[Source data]
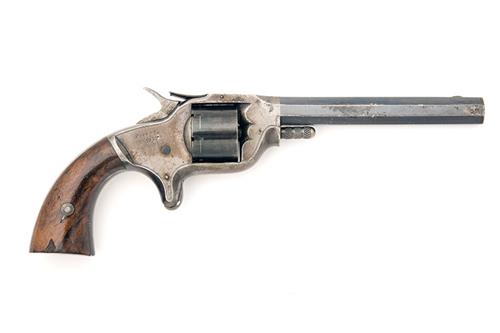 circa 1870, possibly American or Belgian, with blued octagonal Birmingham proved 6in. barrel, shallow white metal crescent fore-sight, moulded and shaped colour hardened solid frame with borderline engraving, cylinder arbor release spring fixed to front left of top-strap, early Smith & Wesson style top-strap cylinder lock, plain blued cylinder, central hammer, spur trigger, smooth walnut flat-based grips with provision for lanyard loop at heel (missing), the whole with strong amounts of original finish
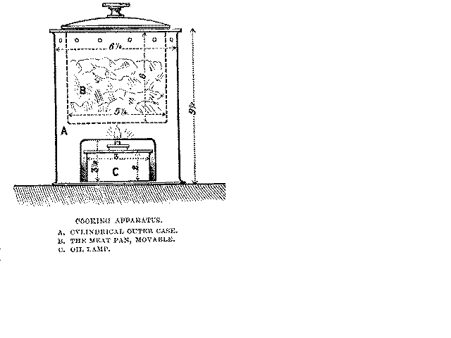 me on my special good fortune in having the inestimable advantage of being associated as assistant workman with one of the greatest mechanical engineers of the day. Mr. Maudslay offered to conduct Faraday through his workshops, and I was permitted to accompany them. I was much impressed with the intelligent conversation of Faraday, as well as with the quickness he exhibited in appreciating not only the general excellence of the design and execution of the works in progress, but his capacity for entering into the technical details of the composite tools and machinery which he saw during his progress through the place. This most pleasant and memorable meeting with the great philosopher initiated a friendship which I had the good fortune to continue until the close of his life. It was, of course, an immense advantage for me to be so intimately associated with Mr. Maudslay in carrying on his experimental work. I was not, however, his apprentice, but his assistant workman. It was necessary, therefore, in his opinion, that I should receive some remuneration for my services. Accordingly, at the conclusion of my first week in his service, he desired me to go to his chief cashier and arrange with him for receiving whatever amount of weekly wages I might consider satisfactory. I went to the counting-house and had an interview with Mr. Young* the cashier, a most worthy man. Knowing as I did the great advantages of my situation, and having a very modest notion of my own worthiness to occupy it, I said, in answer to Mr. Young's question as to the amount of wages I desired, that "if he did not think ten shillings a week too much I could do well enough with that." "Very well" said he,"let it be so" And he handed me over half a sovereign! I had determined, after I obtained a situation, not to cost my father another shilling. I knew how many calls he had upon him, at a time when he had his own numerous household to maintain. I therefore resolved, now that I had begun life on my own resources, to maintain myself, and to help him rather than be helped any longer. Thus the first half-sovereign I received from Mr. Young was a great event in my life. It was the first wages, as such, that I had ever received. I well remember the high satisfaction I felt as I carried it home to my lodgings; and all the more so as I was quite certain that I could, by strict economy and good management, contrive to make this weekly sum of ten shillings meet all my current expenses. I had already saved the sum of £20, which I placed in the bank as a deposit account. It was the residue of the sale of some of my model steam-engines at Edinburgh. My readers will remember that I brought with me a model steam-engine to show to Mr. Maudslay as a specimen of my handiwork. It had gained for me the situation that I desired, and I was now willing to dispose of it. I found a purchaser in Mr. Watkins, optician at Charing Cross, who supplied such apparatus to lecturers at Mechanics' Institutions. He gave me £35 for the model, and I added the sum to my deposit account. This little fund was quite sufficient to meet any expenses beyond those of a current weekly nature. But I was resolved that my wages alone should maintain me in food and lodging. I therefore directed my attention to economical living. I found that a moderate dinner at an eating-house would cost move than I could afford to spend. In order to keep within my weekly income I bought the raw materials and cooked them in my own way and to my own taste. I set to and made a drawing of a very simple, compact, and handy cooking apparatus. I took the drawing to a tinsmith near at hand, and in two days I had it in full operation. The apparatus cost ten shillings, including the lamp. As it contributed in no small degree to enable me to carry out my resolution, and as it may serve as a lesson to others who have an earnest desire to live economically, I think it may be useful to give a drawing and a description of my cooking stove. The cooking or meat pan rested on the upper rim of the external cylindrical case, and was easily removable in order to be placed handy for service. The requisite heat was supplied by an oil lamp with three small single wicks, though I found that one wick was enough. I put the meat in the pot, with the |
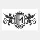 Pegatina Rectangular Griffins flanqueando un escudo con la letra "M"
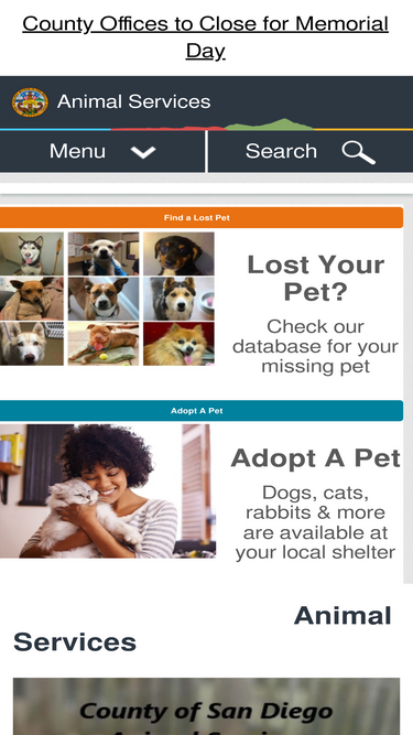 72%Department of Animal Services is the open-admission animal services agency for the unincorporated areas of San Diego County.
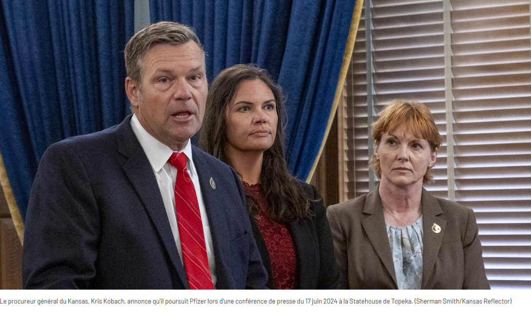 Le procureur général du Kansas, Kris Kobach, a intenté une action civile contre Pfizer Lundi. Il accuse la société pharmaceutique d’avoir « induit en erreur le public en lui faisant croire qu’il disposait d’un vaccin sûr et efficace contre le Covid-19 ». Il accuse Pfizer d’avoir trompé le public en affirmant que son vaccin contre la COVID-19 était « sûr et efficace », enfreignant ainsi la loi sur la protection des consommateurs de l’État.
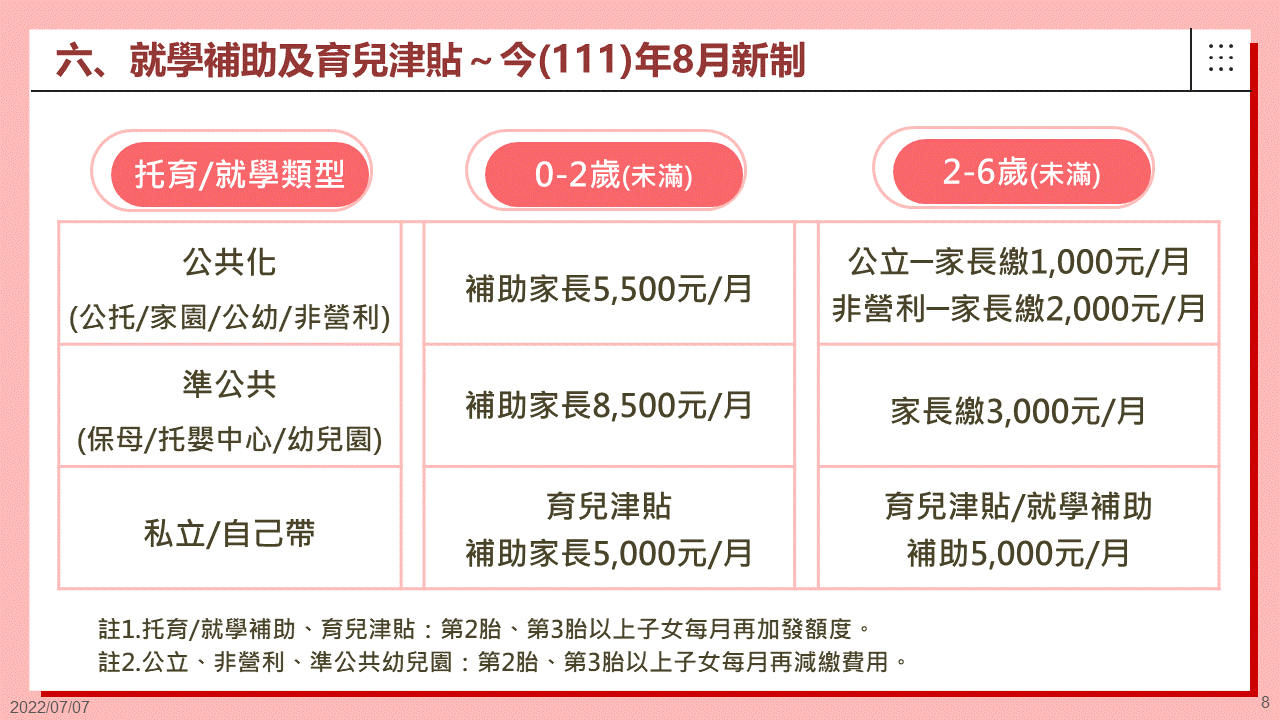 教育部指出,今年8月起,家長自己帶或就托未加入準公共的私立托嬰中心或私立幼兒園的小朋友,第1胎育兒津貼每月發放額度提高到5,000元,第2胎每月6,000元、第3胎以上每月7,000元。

(DIRECTIONS): Strip out the images, then output the records above word for word.

(WRITTEN ANSWER):
 circa 1870, possibly American or Belgian, with blued octagonal Birmingham proved 6in. barrel, shallow white metal crescent fore-sight, moulded and shaped colour hardened solid frame with borderline engraving, cylinder arbor release spring fixed to front left of top-strap, early Smith & Wesson style top-strap cylinder lock, plain blued cylinder, central hammer, spur trigger, smooth walnut flat-based grips with provision for lanyard loop at heel (missing), the whole with strong amounts of original finish
 me on my special good fortune in having the inestimable advantage of being associated as assistant workman with one of the greatest mechanical engineers of the day. Mr. Maudslay offered to conduct Faraday through his workshops, and I was permitted to accompany them. I was much impressed with the intelligent conversation of Faraday, as well as with the quickness he exhibited in appreciating not only the general excellence of the design and execution of the works in progress, but his capacity for entering into the technical details of the composite tools and machinery which he saw during his progress through the place. This most pleasant and memorable meeting with the great philosopher initiated a friendship which I had the good fortune to continue until the close of his life. It was, of course, an immense advantage for me to be so intimately associated with Mr. Maudslay in carrying on his experimental work. I was not, however, his apprentice, but his assistant workman. It was necessary, therefore, in his opinion, that I should receive some remuneration for my services. Accordingly, at the conclusion of my first week in his service, he desired me to go to his chief cashier and arrange with him for receiving whatever amount of weekly wages I might consider satisfactory. I went to the counting-house and had an interview with Mr. Young* the cashier, a most worthy man. Knowing as I did the great advantages of my situation, and having a very modest notion of my own worthiness to occupy it, I said, in answer to Mr. Young's question as to the amount of wages I desired, that "if he did not think ten shillings a week too much I could do well enough with that." "Very well" said he,"let it be so" And he handed me over half a sovereign! I had determined, after I obtained a situation, not to cost my father another shilling. I knew how many calls he had upon him, at a time when he had his own numerous household to maintain. I therefore resolved, now that I had begun life on my own resources, to maintain myself, and to help him rather than be helped any longer. Thus the first half-sovereign I received from Mr. Young was a great event in my life. It was the first wages, as such, that I had ever received. I well remember the high satisfaction I felt as I carried it home to my lodgings; and all the more so as I was quite certain that I could, by strict economy and good management, contrive to make this weekly sum of ten shillings meet all my current expenses. I had already saved the sum of £20, which I placed in the bank as a deposit account. It was the residue of the sale of some of my model steam-engines at Edinburgh. My readers will remember that I brought with me a model steam-engine to show to Mr. Maudslay as a specimen of my handiwork. It had gained for me the situation that I desired, and I was now willing to dispose of it. I found a purchaser in Mr. Watkins, optician at Charing Cross, who supplied such apparatus to lecturers at Mechanics' Institutions. He gave me £35 for the model, and I added the sum to my deposit account. This little fund was quite sufficient to meet any expenses beyond those of a current weekly nature. But I was resolved that my wages alone should maintain me in food and lodging. I therefore directed my attention to economical living. I found that a moderate dinner at an eating-house would cost move than I could afford to spend. In order to keep within my weekly income I bought the raw materials and cooked them in my own way and to my own taste. I set to and made a drawing of a very simple, compact, and handy cooking apparatus. I took the drawing to a tinsmith near at hand, and in two days I had it in full operation. The apparatus cost ten shillings, including the lamp. As it contributed in no small degree to enable me to carry out my resolution, and as it may serve as a lesson to others who have an earnest desire to live economically, I think it may be useful to give a drawing and a description of my cooking stove. The cooking or meat pan rested on the upper rim of the external cylindrical case, and was easily removable in order to be placed handy for service. The requisite heat was supplied by an oil lamp with three small single wicks, though I found that one wick was enough. I put the meat in the pot, with the |
 Pegatina Rectangular Griffins flanqueando un escudo con la letra "M"
 72%Department of Animal Services is the open-admission animal services agency for the unincorporated areas of San Diego County.
 Le procureur général du Kansas, Kris Kobach, a intenté une action civile contre Pfizer Lundi. Il accuse la société pharmaceutique d’avoir « induit en erreur le public en lui faisant croire qu’il disposait d’un vaccin sûr et efficace contre le Covid-19 ». Il accuse Pfizer d’avoir trompé le public en affirmant que son vaccin contre la COVID-19 était « sûr et efficace », enfreignant ainsi la loi sur la protection des consommateurs de l’État.
 教育部指出,今年8月起,家長自己帶或就托未加入準公共的私立托嬰中心或私立幼兒園的小朋友,第1胎育兒津貼每月發放額度提高到5,000元,第2胎每月6,000元、第3胎以上每月7,000元。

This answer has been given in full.